Penulis di sini memberikan saran agar Perum Pegadaian Cabang Kotalama Malang hendaknya lebih fleksibel dalam menangani nasabah gadai yang melakukan wanprestasi. Nasabah gadai hendaknya memperhatikan faktorfaktor yang memungkinkan Perum Pegadaian melakukan lelang atas dasar wanprestasi.
Pawn is given to guarantee a claim. Pawn application was done by institution called pawn house. If the debtor negligent to pay pawn debt after the time limit, Pawn House would do auction to the pawn object. Here the writer was interesting to discuss about auction application of pawn object caused by broken agreement in Kotalama Pawn House – Malang. In this research, the writer used sociojuridical approach. The research was done in Kotalama Pawn House Malang City using data source consisted of interview, observation and documentation. For data conclusion, the writer used qualitative descriptive analysis.

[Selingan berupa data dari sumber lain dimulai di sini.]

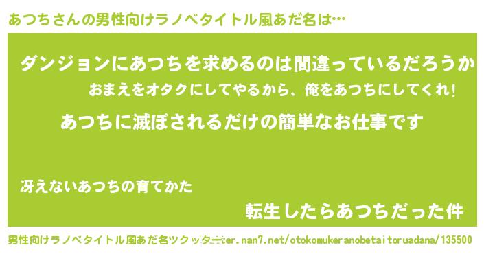 | ヘコむあだ名 | 『あつっちょ』『あつち(笑)』 |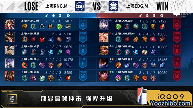 上海EDG.M选用:关羽、橘右京、弈星、孙尚香、太乙真人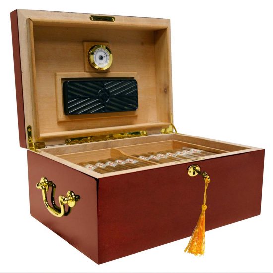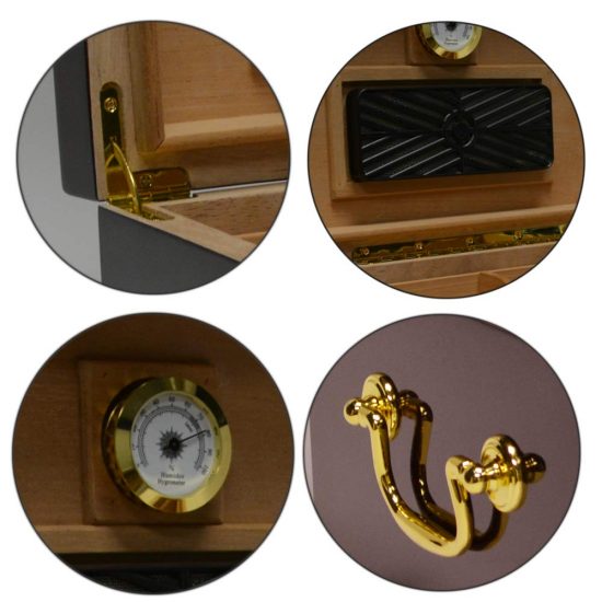 The humidor built with SureSeal technology to protect and preserve your cigars for years to come. Equipped with top mounted hygrometer, side mounted golden carry handles, and scratch resistant bottom.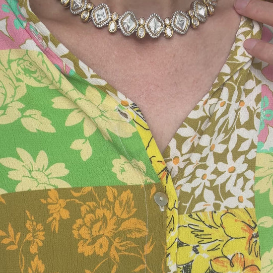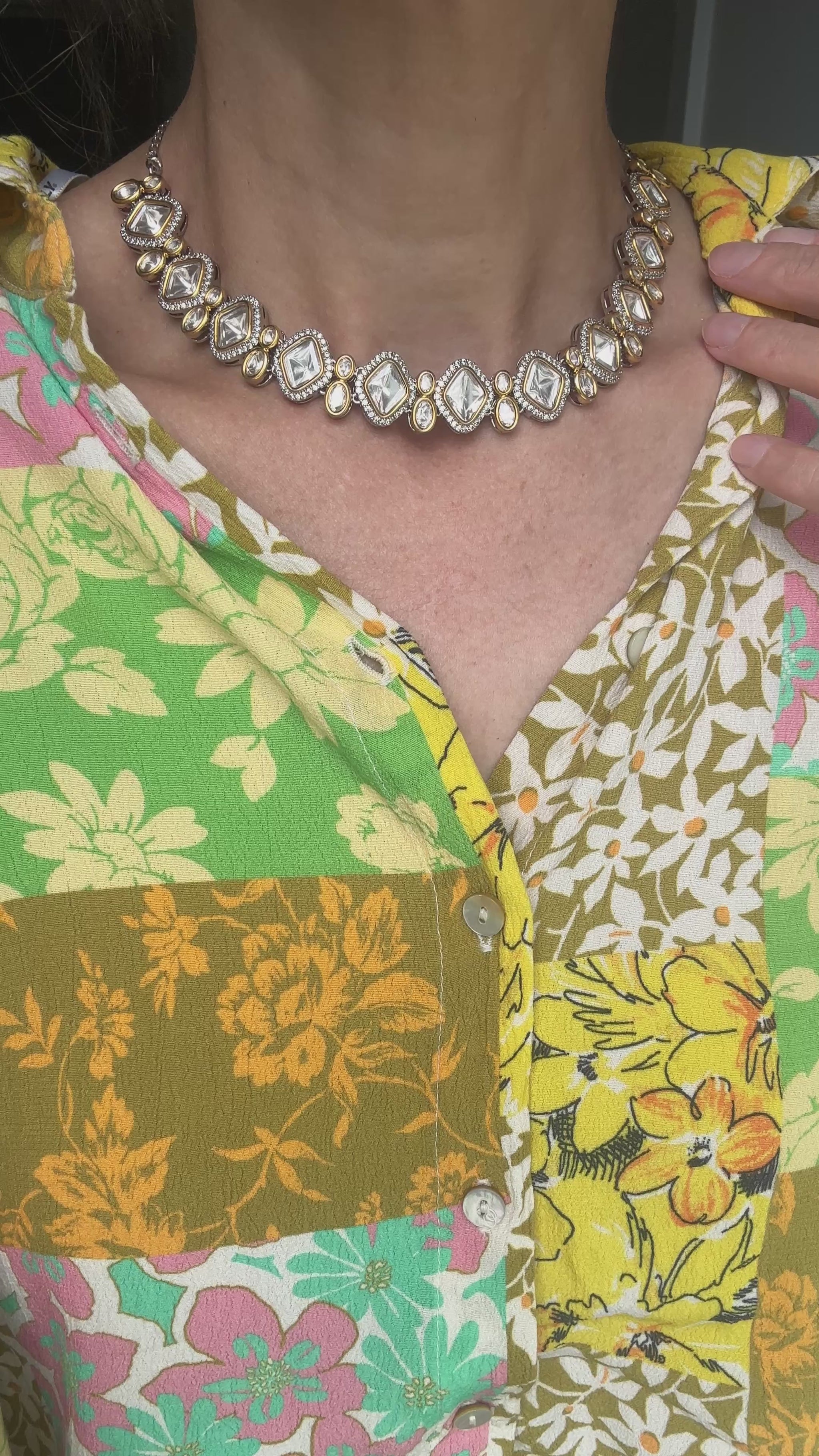 Moissanite Polki & AD stones set in a beautiful two tone necklace.

From the research, there could be found that broken agreement in pawn agreement caused auction to the pawn object in Kotalama Pawn House – Malang were: (1) customer didn’t do the agreement at all; (2) customer did agreement but imperfect; (3) customer was late in paying pawn, so that the collateral would be sold by auction by the pawn house. Auction application in broken agreement at pawn agreement consisted of preparation, application according to the time limitation, and aucted material according to the number existed in form, and the last phase was calculation and payment. Things which could not be sold in auction would be considered as auction residue (Barang Sisa Lelang – BSL) which would be sold again in the next auction. Inhibition factors were: (1) the price in market; (2) physical condition; (3) the precious things price like gold, diamond, and jewelry were always changed all time. The supporting factors were: (1) assumption that the price would be cheaper; (2) the consumer had found the broken agreement risk.